On Mar 6, 2019, at 6:48 PM, Matan Gover ***@***.***> wrote: I would like to help with this, but unsure how. Thanks @drscotthawley <https://github.com/drscotthawley> for your previous efforts! My understanding of the current state: Right now Audio supports arrays (or lists) of several data types (floating-point, signed ints), because it always normalizes by the largest input sample. Unsigned ints (PCM8) are not supported. See common data formats <https://docs.scipy.org/doc/scipy/reference/generated/scipy.io.wavfile.write.html#id1>. Adding norm=False requires Audio to know the input data boundaries (min/max sample value, or only max if supporting only signed data types).
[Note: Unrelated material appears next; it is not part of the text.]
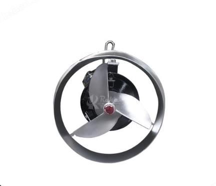 循环式潜水低速推流器专用潜水电机采取过载、断相及防渗漏三重保护,确保设备在水下工作的安全性。减速箱选用合金材质硬齿面的圆柱斜齿齿轮传动,具有承载能力大,体积小特点。主机各连接处均采取了端面和径向的密封,输出轴处选用碳化钨或碳化硅机械密封,确保可靠的密封性。推流器的叶轮,船舶螺旋桨水力推进理论,由计算机进行优化设计;两叶高推力、自洁型叶轮采用高强度耐腐蚀玻璃钢整体加工成型,重量轻、强度好,可在一定的输入功率条件下,获得水流推力。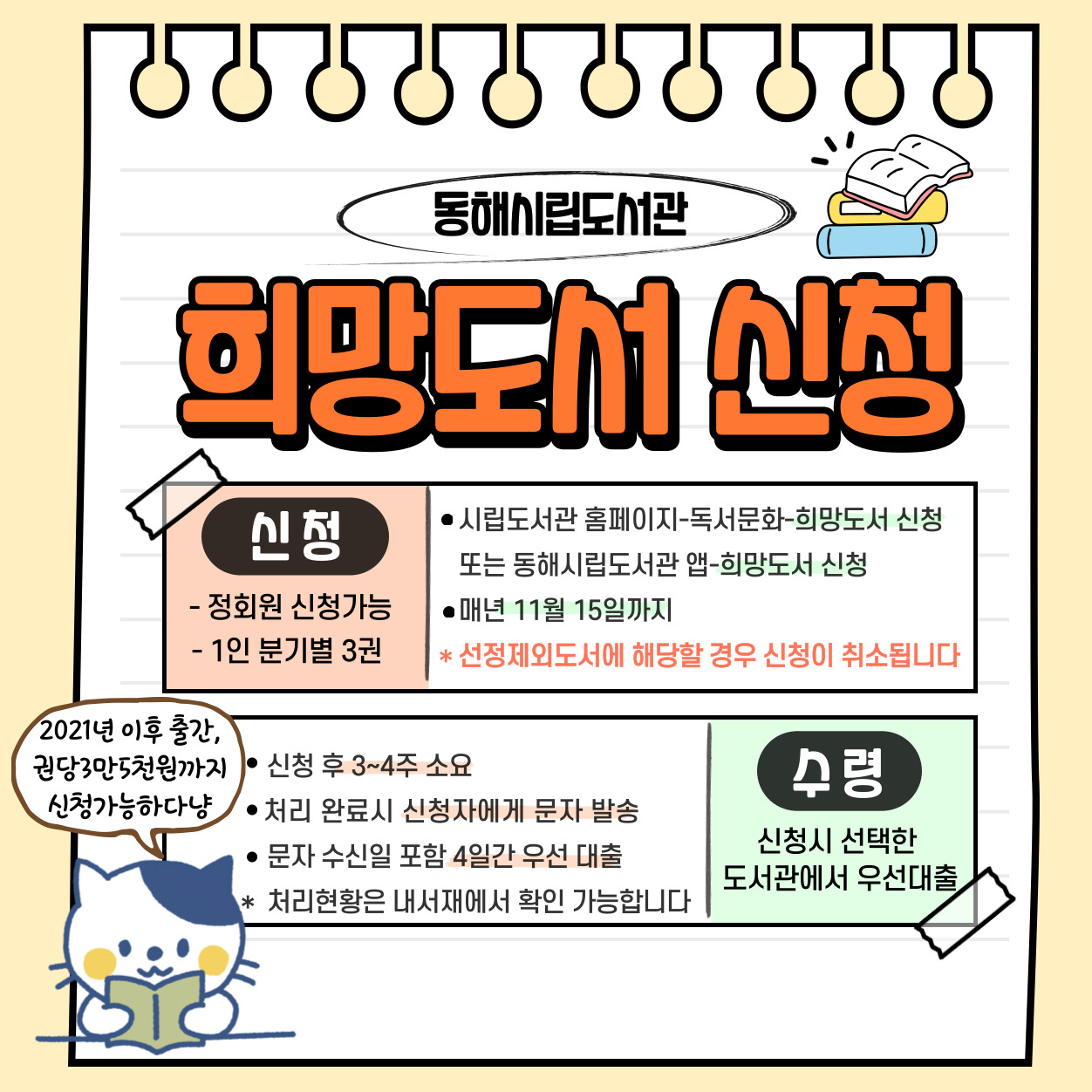 - 희망도서는 발한도서관, 북삼도서관, 꿈빛마루도서관으로 신청 가능합니다(작은도서관 신청 불가)

Possible solutions: Guess the data boundaries based on the numpy array dtype. This is what scipy.io.wavfile.write does. Cons: implicit and might be confusing. Requires detailed documentation. Also, for list input we can either guess based on the list values (as @drscotthawley <https://github.com/drscotthawley> did), which is even more implicit, or throw an error for norm=False. Support only floating-point audio in range [-1, 1] for norm=False. Easiest to document and implement. Very straightforward for users. Seems like this is what most users want, although I didn't conduct a survey :) Require user to specify data format ('Explicit is better than implicit'...). This is what PySoundFile does (subtype is set manually <https://pysoundfile.readthedocs.io/en/0.9.0/#soundfile.read>). @takluyver <https://github.com/takluyver> and @eranegozy <https://github.com/eranegozy> have suggested adding a maxvalue parameter. I suggest instead adding a wav_format parameter that takes values 'float', 'PCM_16', 'PCM_24', 'PCM_32', 'PCM_U8' (values from soundfile.available_subtypes('wav')). Pros: more readable than 'maxvalue', supports all common formats including unsigned PCM8 (maxvalue=1337 is possible but definitely not needed). wav_format could be set to float by default. Regarding clipping, I think that if the boundaries are made explicit then an error makes sense. @takluyver <https://github.com/takluyver> would you accept a PR for option 2 or 3? — You are receiving this because you were mentioned. Reply to this email directly, view it on GitHub <#11161 (comment)>, or mute the thread <https://github.com/notifications/unsubscribe-auth/AI2rTqXKUJ1S5UqhW3FscjYr_ZsGM-2Dks5vUFPegaJpZM4UOqGV>.

takluyver · 2019-03-12T20:38:09Z

I'm fine with option 2 (only support floats -1 to +1). Option 3 strikes me as offputting complexity, as I don't know about the details of the wav format - but if that's preferred by others, I'm happy to review a PR.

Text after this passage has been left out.